A epidemia silenciosa que afeta milhões: a crescente dor nas costas
Uma verdadeira epidemia silenciosa tem se espalhado pelo mundo, atingindo cada vez mais pessoas: a famosa dor nas costas. Especialistas alertam que esse problema de saúde, muitas vezes negligenciado, representa uma das maiores causas de incapacidade física em escala global, com números que impressionam e tendências preocupantes.
O impacto do trabalho sedentário na saúde da coluna
Segundo o médico ortopedista Guilherme Porceban, as rotinas profissionais contemporâneas são um dos principais fatores por trás desse fenômeno. "Hoje em dia temos trabalhos predominantemente sentados, que acabam sobrecarregando os discos na região lombar", explica o especialista. "Quando permanecemos sentados por longos períodos, há uma tendência de retificação da curvatura natural da coluna, gerando sobrecarga mecânica".
O médico destaca ainda que essa realidade ocupacional consome grande parte do dia dos trabalhadores, dificultando a prática regular de atividade física. "O sedentarismo resultante provoca um enfraquecimento muscular progressivo, o que aumenta consideravelmente a pressão sobre as estruturas vertebrais, culminando na dor", completa Porceban.
Números alarmantes e impacto econômico
De acordo com dados da Organização Mundial da Saúde (OMS), a dor lombar afeta mais de 600 milhões de pessoas em todo o planeta, configurando-se como a principal causa de incapacidade no mundo. O problema não discrimina por idade, podendo atingir desde jovens até idosos.
No cenário brasileiro, as consequências são igualmente graves. Informações do Ministério da Previdência Social revelam que o Brasil registrou impressionantes 4 milhões de afastamentos laborais em 2025, representando o maior número em cinco anos.

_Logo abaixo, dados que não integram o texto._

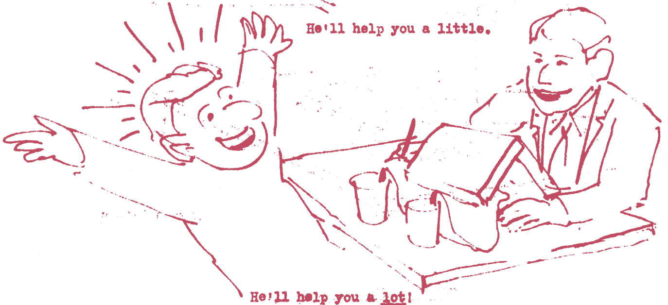
He'll help you a lot!

A sweepingly Fantastic discovery in the field of Education. - LRH.
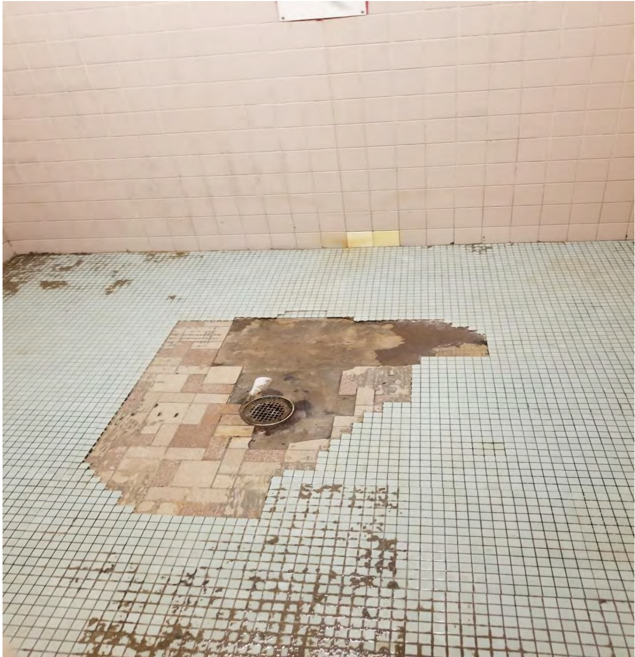
Unit 30 Bldg. A (Zone B) Shower floor has missing tiles
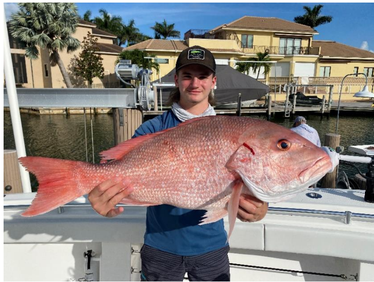
My nephew with his first American Red Snapper
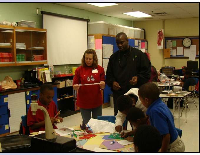
During the 2011 Holiday season, ITS employees worked in conjunction with the Pencil Foundation, helping kids at Glenn Elementary School make Christmas Cards for their loved ones. In addition, the children were learning how to write and sell books. The money they raised was used to purchase gifts for loved ones.
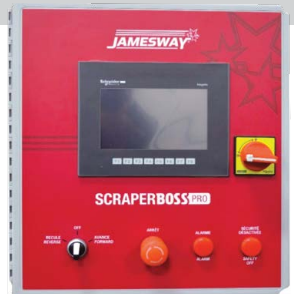
Scraper-Boss PRO Master control
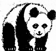
Regd. Trade Mark

Everyone adores them they're so so gay and colourful in a variety of designs:— stripes, spots, checks and tartans. Also self colours in satins, taffetas, failles and petershams. Ask for "Panda" and know you are buying the best.
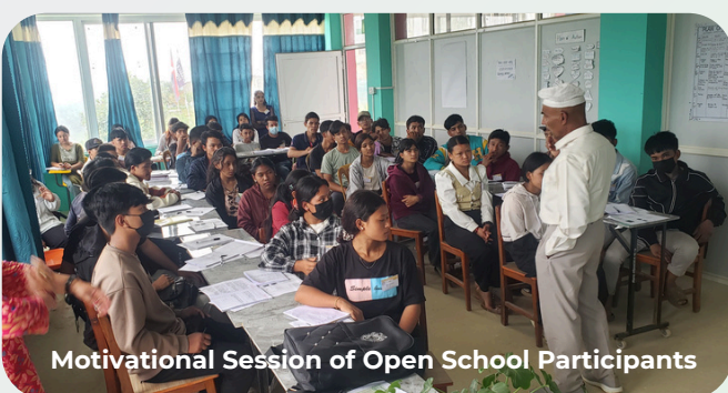
Motivational Session of Open School Participants
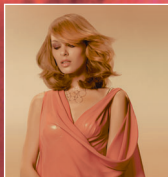
Riviera Siren 02
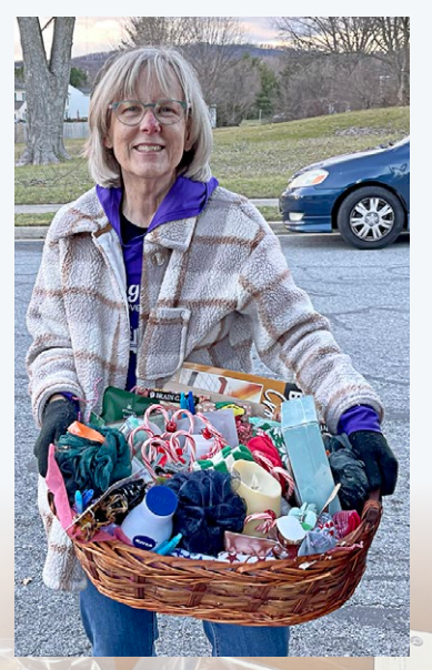
LLP's recent Christmas visit to Solid Ground Recovery.
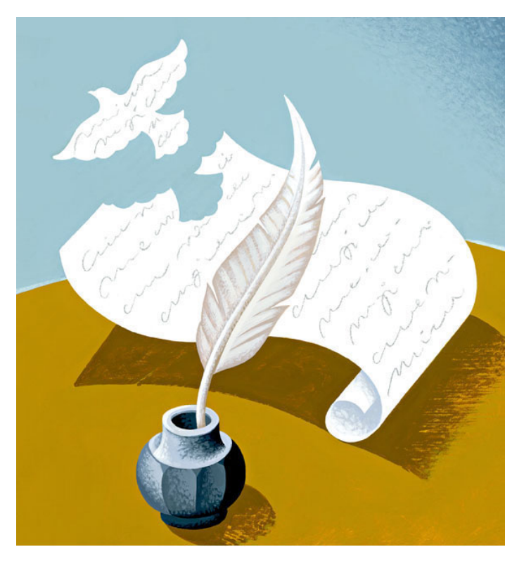
client: The Chronicle of Higher Education - Writing for real.
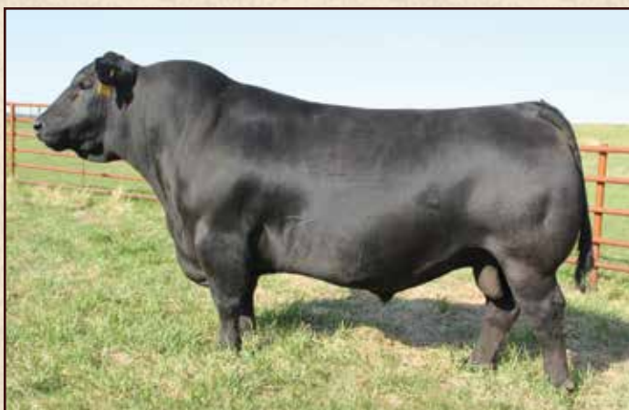
S A V Resource 1441
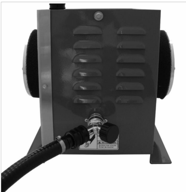
“Y” Connector with single hose and cap

Remember, we do not recommend using the “Y” connector with turbines smaller than 4 or 5-stages. This is due to the power that each model has. The more stages you have the more power you have. When you are running two spray guns on a single turbine you are splitting the air power that turbine has. While you will not divide it equally, you will reduce it considerably, so make sure you do some test areas before you start on your project.
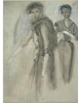
Coat Dresses (KA0038_000025)
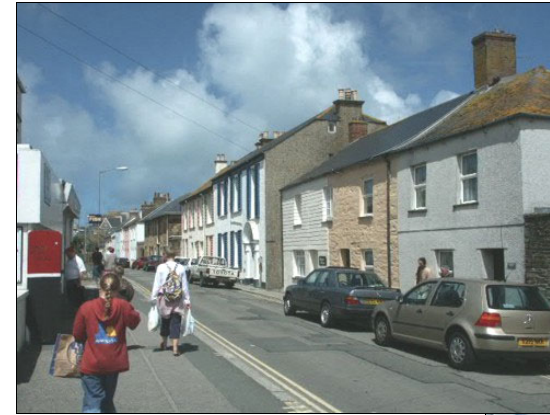
A domestic-scale built environment: small pre-urban cottages, stone terraces and larger residences.
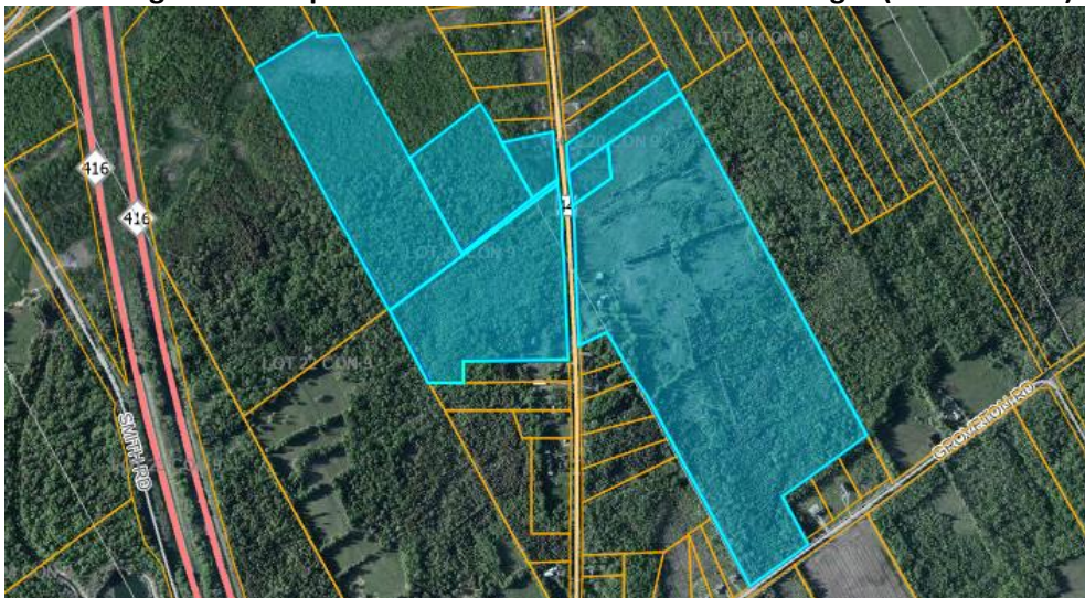
Figure F – Properties Within Three Times Towers Height (135m Radius)

Highlighted properties fall within the radius three times the height of the tower

As doenças do sistema osteomuscular, incluindo dores na coluna e hérnias de disco, lideram essa triste estatística.
Mudança no perfil dos pacientes
Um aspecto particularmente preocupante destacado pelo ortopedista é a mudança no perfil etário dos pacientes. "Há uma tendência nos últimos dez anos que tem se tornado cada vez mais comum: o atendimento de pacientes entre 30 e 40 anos", observa Porceban. "Isso ocorre justamente por causa das rotinas extenuantes e dos hábitos atuais de trabalho, que antecipam problemas antes associados a idades mais avançadas".
Cada vez mais pessoas jovens estão procurando consultórios médicos com queixas relacionadas à coluna vertebral, sinalizando uma necessidade urgente de intervenção preventiva.
Estratégias de prevenção e cuidados essenciais
Diante desse cenário desafiador, especialistas apontam caminhos para evitar que a dor lombar se torne incapacitante. "A prática regular de atividade física é, de longe, o principal fator de proteção contra a dor lombar", enfatiza o médico.
Entre as recomendações específicas estão:
- Atividades de fortalecimento muscular
- Prática de musculação em academias
- Natação e hidroginástica
- Sessões de fisioterapia preventiva
"Essas modalidades ajudam a construir uma estrutura muscular robusta que protege eficazmente a coluna lombar", explica Porceban.
Além disso, o especialista faz recomendações práticas para o ambiente de trabalho:
- Não permanecer sentado por mais de duas horas consecutivas
- Levantar-se regularmente para pequenas pausas
- Permanece em pé por pelo menos 15 minutos a cada intervalo
- Ajustar adequadamente a altura das telas de computador
"Essas medidas simples ajudam significativamente a descarregar o peso que recai diretamente sobre os discos intervertebrais", complementa o médico.
Conclusão: movimento como principal aliado
A mensagem final dos especialistas é clara e direta: movimente-se regularmente. Ajustar os hábitos diários, especialmente no ambiente profissional, e não ignorar os sinais de alerta do corpo são passos fundamentais para enfrentar essa epidemia silenciosa. A dor nas costas deixou de ser um problema secundário para se tornar uma questão de saúde pública que demanda atenção imediata e ações preventivas consistentes.